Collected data
------------------------------------------------

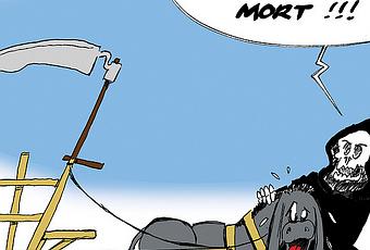 Devant votre sympathique – et encourageant- enthousiasme pour les dessins mettant en scène l’Ankou (que d’aucuns appellent la Mort, la Grande Faucheuse ou la Camarde), j’ai décidé de lui donner vie plus souvent, ou en tout cas, paradoxalement, lorsque quelqu’un d’un peu connu meurt.
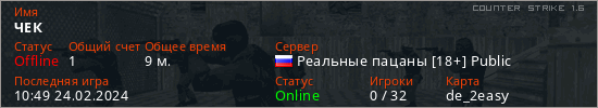 Играет на Counter Strike 1.6 сервере. Страна: РоссияПервый раз замечен 09:59 24.02.2024
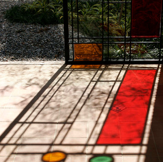 這是多年前的一個建案中庭,有頂蓋式的開放空間作為串連中庭與後院的銜接,這裡利用康丁斯基的幾何圖騰以鐵件加以變化,加上彩色玻璃作為屏風,在迴廊與後院的介面創造有趣的表情。是屏風但卻沒有遮擋任何事物,倒像是為增添色彩與線條的立體畫作,在陽光的反射下,成為有趣的倒影,高彩度的原色有種神奇的魔力,讓人振奮讓人喜悅,如果說色彩有能量的話,那這就是本案讓人感到印象深刻之處。
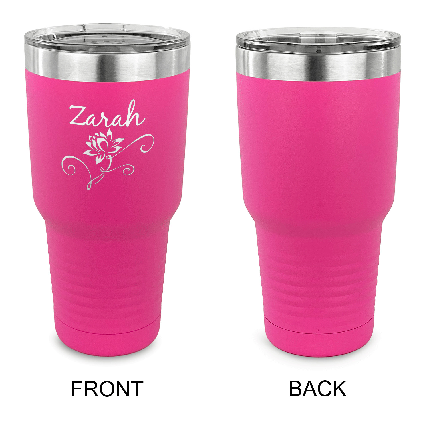 With the 5 colors - Black, Navy, Red, Pink and Coral, you are sure to find a cup to fit your personality. You can chose to engrave on the front or the front and back of the cup. Use our design studio to design your own cup and we laser engrave it for you.
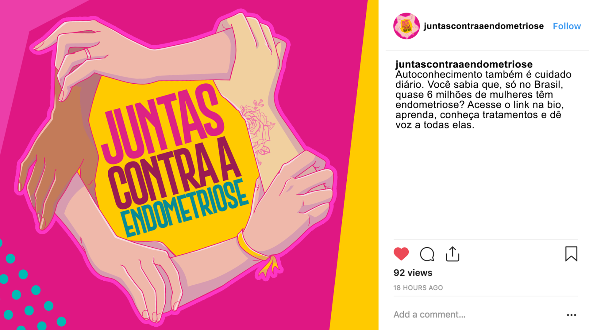 Objetivo da campanha: dar visibilidade ao tema, gerar a discussão sobre a Endometriose, mobilizar e conscientizar a população a fim de obter 100 mil apoiadores para que governo inclua o tratamento da endometriose no SUS.

------------------------------------------------

Task objective -
Pictures do not belong in the answer. Return the lines above starting at the one with "Играет на Counter" and ending at the one with "這是多年前的一個建案中庭,有", both kept, exactly.

Solution for this exercise -
 Играет на Counter Strike 1.6 сервере. Страна: РоссияПервый раз замечен 09:59 24.02.2024
 這是多年前的一個建案中庭,有頂蓋式的開放空間作為串連中庭與後院的銜接,這裡利用康丁斯基的幾何圖騰以鐵件加以變化,加上彩色玻璃作為屏風,在迴廊與後院的介面創造有趣的表情。是屏風但卻沒有遮擋任何事物,倒像是為增添色彩與線條的立體畫作,在陽光的反射下,成為有趣的倒影,高彩度的原色有種神奇的魔力,讓人振奮讓人喜悅,如果說色彩有能量的話,那這就是本案讓人感到印象深刻之處。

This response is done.